## [Try it]
Nothing but the lines below from the one containing "Featuring real Salmon" through the one containing "Sajak maksud kita" should appear in the answer, exact and without pictures.
<<<<
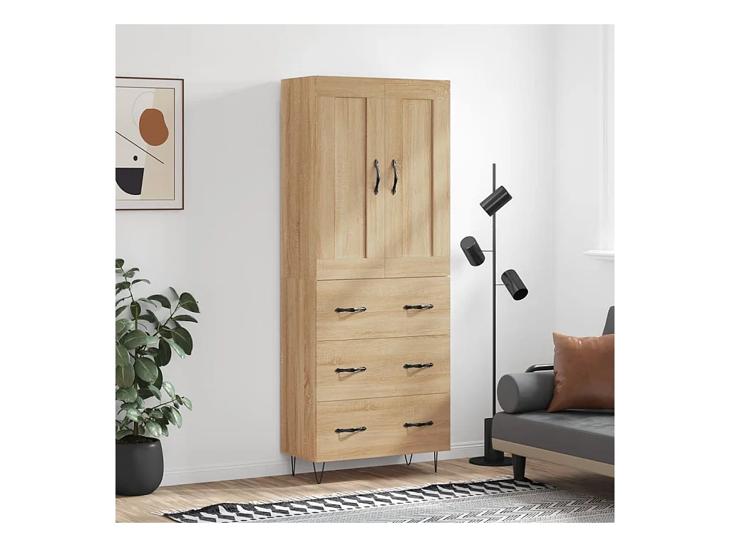 Aparador alto 69,5x34x180 cm derivados de madeira cor sonoma PT312065
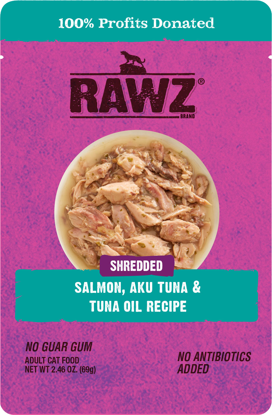 Featuring real Salmon as the first ingredient, this pouch features no gums, antibiotics or BPA-lining! This food can be fed as a complete meal. Like all Rawz products, 100% of the profits are donated!
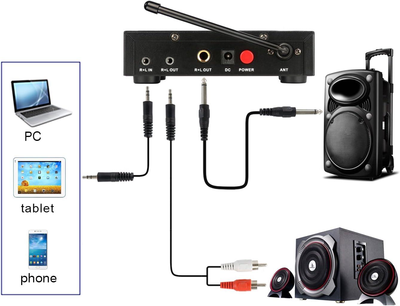 Adjustable echo effect. Allowed to mix the mic signal with music signal without using an mixer. Compact metal receiver, has stronger interference prevention ability than plastic ones. This wireless microphone system can deliver space at home and be portable for on the go use.
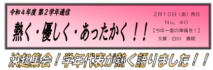 【2月10日発行】2年生学年通信 第40号
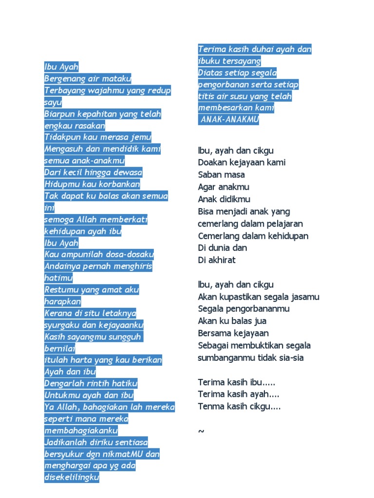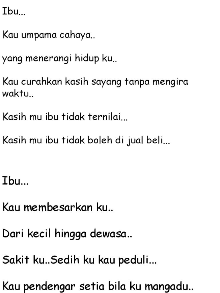 Sajak maksud kita ada ibu setiap manusia dilahirkan oleh ibunya. C) sajak pengorbanan ibu bapa. Sajak pesan ibu beribu ribu. Usia 5 tahun * peristiwa pembelahan dada rasulullah saw yang dilakukan oleh dua malaikat untuk mengeluarkan. Ibu ayah bergenang air mataku terbayang wajahmu yang redup sayu kudusnya kasih yang engkau hamparkan bagaikan laut yang tak bertepian biarpun kepahitan yang telah engkau rasakan tidakpun kau merasa jemu mengasuh dan mendidik kami semua.
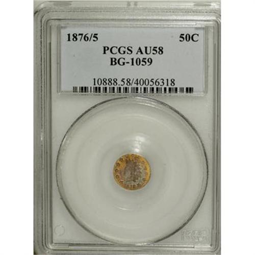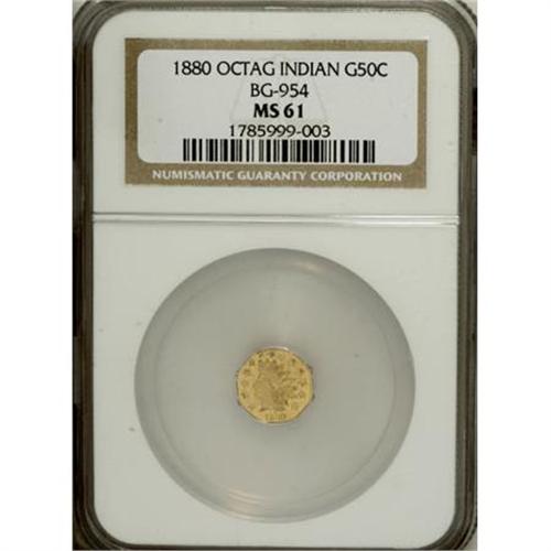 <B>1859 50C Liberty Octagonal 50 Cents, BG-902, Low R.4, MS61 NGC,</B></I> unlisted lapped reverse die state, straw-gold, a couple of lintmarks;<B> 1880 Indian Octagonal 50 Cents, BG-954, Low R.4, MS61 NGC, </B></I>khaki-gold toning, faint marks east of the fraction; and an <B>1876/5 Indian Round 50 Cents, BG-1059, R.4, AU58 PCGS, </B></I>colorful rose-red, sky-blue, and apricot patina, a few faint hairlines.<BR><BR><b>Shipping:</b> Coins & Currency (<a target="_blank" href="http://www.heritageauctions.com/common/shipping.php">view shipping information</a>)
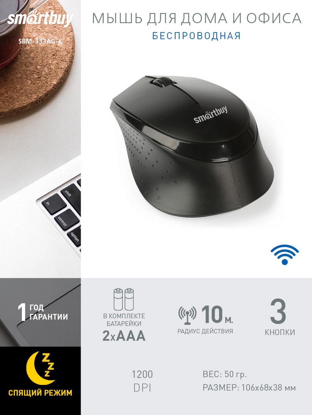 СохранитьМышь беспроводная SmartBuy 333AG-K ONE черная (SBM-333AG-K) интересное:
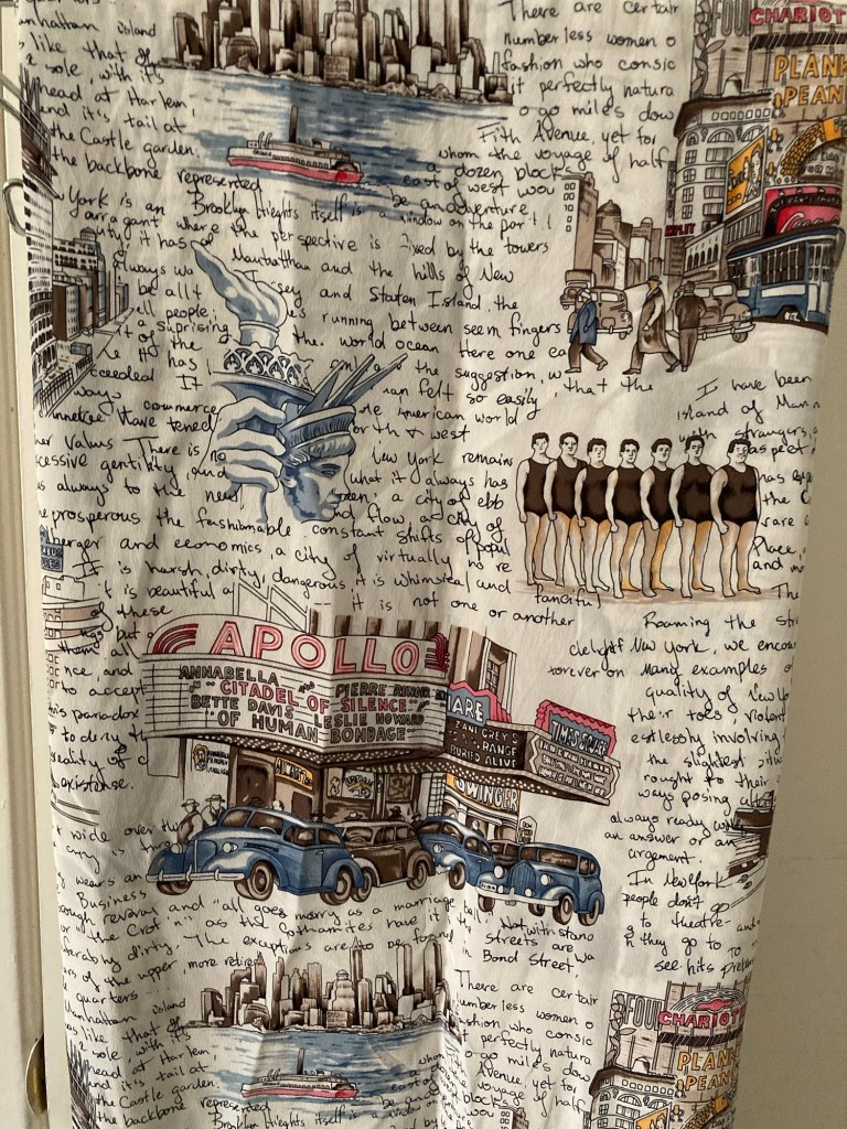 I love a city print! This one depicts New York, and there’s writing which is totally legible. I still do not know what to make with it — but it better be soon. I mean, if not now, when?? It is lightweight silk crepe, and was purchased in New York from a well known store (not Mood) whose name I have forgotten — yeah it was that long ago.
>>>>
## [Task result]
 Featuring real Salmon as the first ingredient, this pouch features no gums, antibiotics or BPA-lining! This food can be fed as a complete meal. Like all Rawz products, 100% of the profits are donated!
 Adjustable echo effect. Allowed to mix the mic signal with music signal without using an mixer. Compact metal receiver, has stronger interference prevention ability than plastic ones. This wireless microphone system can deliver space at home and be portable for on the go use.
 【2月10日発行】2年生学年通信 第40号
 Sajak maksud kita ada ibu setiap manusia dilahirkan oleh ibunya. C) sajak pengorbanan ibu bapa. Sajak pesan ibu beribu ribu. Usia 5 tahun * peristiwa pembelahan dada rasulullah saw yang dilakukan oleh dua malaikat untuk mengeluarkan. Ibu ayah bergenang air mataku terbayang wajahmu yang redup sayu kudusnya kasih yang engkau hamparkan bagaikan laut yang tak bertepian biarpun kepahitan yang telah engkau rasakan tidakpun kau merasa jemu mengasuh dan mendidik kami semua.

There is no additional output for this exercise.